Norway ranked number one on this year’s World Happiness Report. Denmark, Iceland, and Switzerland follow behind closely in a tightly packed bunch. According to the Report, these countries ranked highly on all the main factors found to contribute to happiness: caring, freedom, generosity, honesty, health, income and good governance.
Norway moved to the very top even with their weaker oil prices. By choosing to produce its oil slowly, Norway has helped itself from the boom and bust cycle of many other resource-rich economies. They choose to invest the proceeds for the future rather than spending them in the present. They did this successfully because Norway has high levels of mutual trust, shared purpose, and good governance. All these factors keep the country where they are in the happiness ranking.
The Central African Republic was the least happy of 155 countries. The Report states, “Well-being may reflect the history of a region. This may especially be the case for Africa that has a short history of self-rule. Low levels of subjective well-being are likely not to be a recent development in Africa.
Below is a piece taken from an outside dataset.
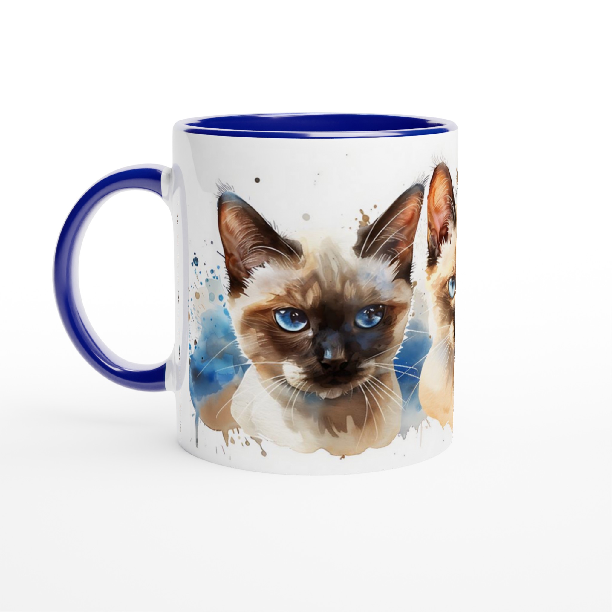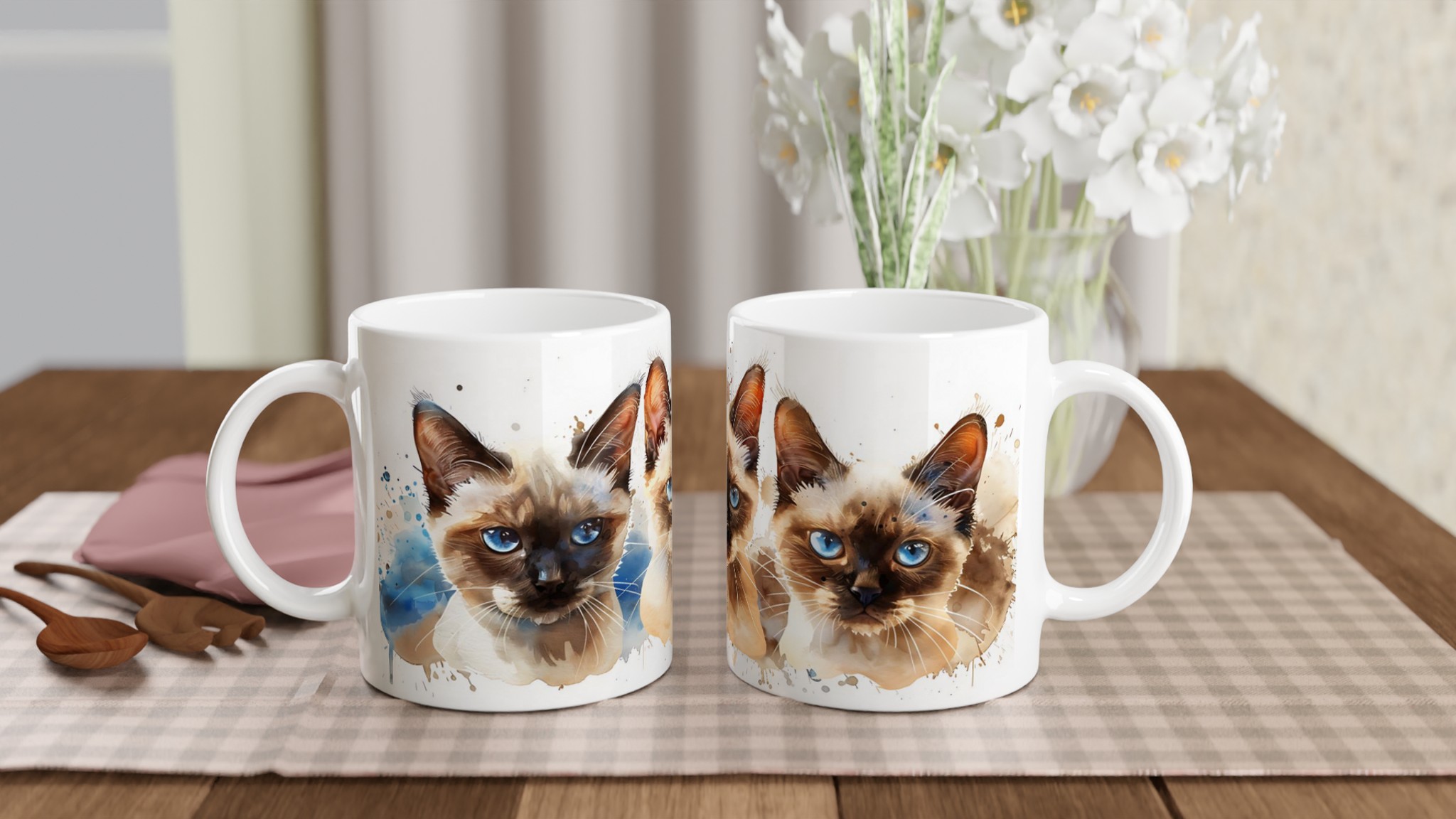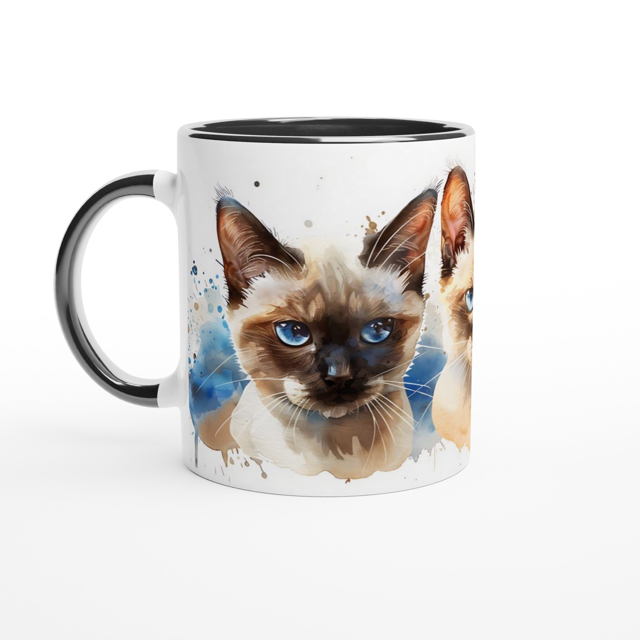 Fånga charmen hos dessa förtrollande siameskatter med blå ögon, framställda i en livfull akvarellstil. Denna stilrena keramiska mugg blir snabbt en vardagsfavorit för alla kattälskare. Perfekt för morgonkaffet, kvällens varma choklad eller när du bara vill njuta av en kopp te medan du drömmer dig bort till de lekfulla siamesernas värld. Den blanka vita ytan gör att de detaljerade katttrycken framhävs med klara och levande färger, som håller sig fina även efter många turer i mikron och diskmaskinen.
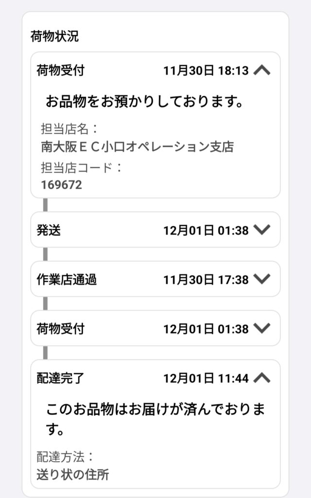 荷物の受付は、『南大阪ec小口オペレーション支店』ですね。

The first international studies of happiness already found that evaluations of life were less positive in African countries south of the Sahara than elsewhere
This year’s report focuses on how important the social foundations of happiness is. It is seen by comparing the life experience between the top and bottom ten countries. There is a four-point happiness gap between the two groups of countries.
According to the World Happiness Report the US showed less social support, less sense of personal freedom, lower donations, and a loss of trust with the government and business.
The United States is looking for happiness in all the wrong places. According to Chapter 7 of the World Happiness Report, “Restoring American Happiness,” To rebuild the country, we need to focus on five main factors: campaign finance reform, create a set of policies aiming at reducing income and wealth inequality, improving the social relations between native-born and immigrant populations, acknowledge and move past the fear created by 9/11, and improving educational quality. The chapter concludes that falling American happiness is due primarily to social rather than to economic causes.